An 80 kg skydiver jumps from an altitude of 1000m and opens his chute at 200m

(a) The total retarding force on the diver is a constant 50.0N without his chute open, it is constant 3600N with his chute open. What will be the skydiver's speed when he reaches the ground?

## Homework Equations

(sum)F=ma

P.E.=mgy

K.E.=(1/2)mv^2

E(total)=P.E. + K.E.

## The Attempt at a Solution

Well, frankly I've gone through several methods and it's all become a big mess. It seems like a straight forward problem but I think I've gotten tunnel vision from it and am missing something obvious. I have a hunch I should be using PE and KE rather than the following methods, but this was all I could come up with.
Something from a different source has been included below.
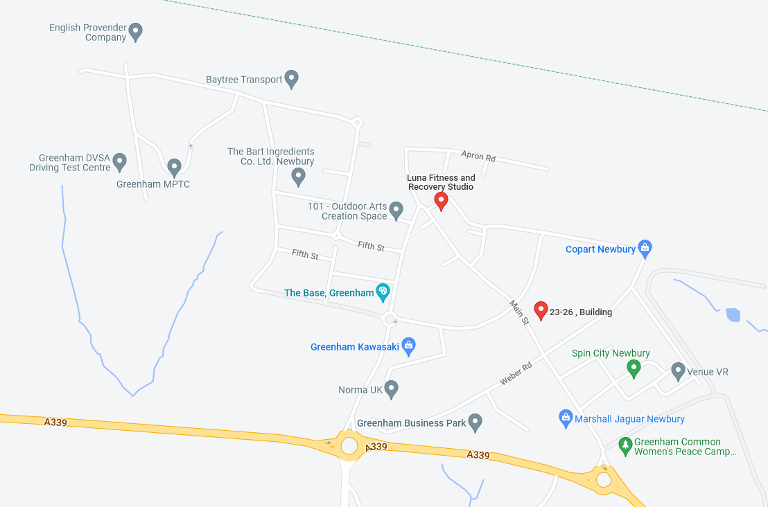 The studio is now located on Greenham Business Park Luna Fitness and Recovery Studio Suite 23-26 Building 169 Greenham Business Park Thatcham, Berkshire RG19 6HN ollie2023-03-22T21:19:22+00:00

I got a velocity (at 200m)=122 m/s doing this:

(sum)F=ma

750N=80a

a=9.375 m/s/s

--> 200=1000+V(initial)t+.5at^2

=200=1000+.5*9.375*t^2

t=13s (appox.)

V(@200)=9.375*13=122 m/s

(sum)F=ma

-3500N=80a

a=-35 m/s/s

0=200+122t=.5*(-35)*t^2

t= 8.34 (or -1.3... obviously time can't be negative)

V(final)=V(@200)-35*8.34

V(final)=-170 m/s.... this does not seem right at all to me.

Any suggestions? I had tried using PE and KE to solve for it, but got lost along the way.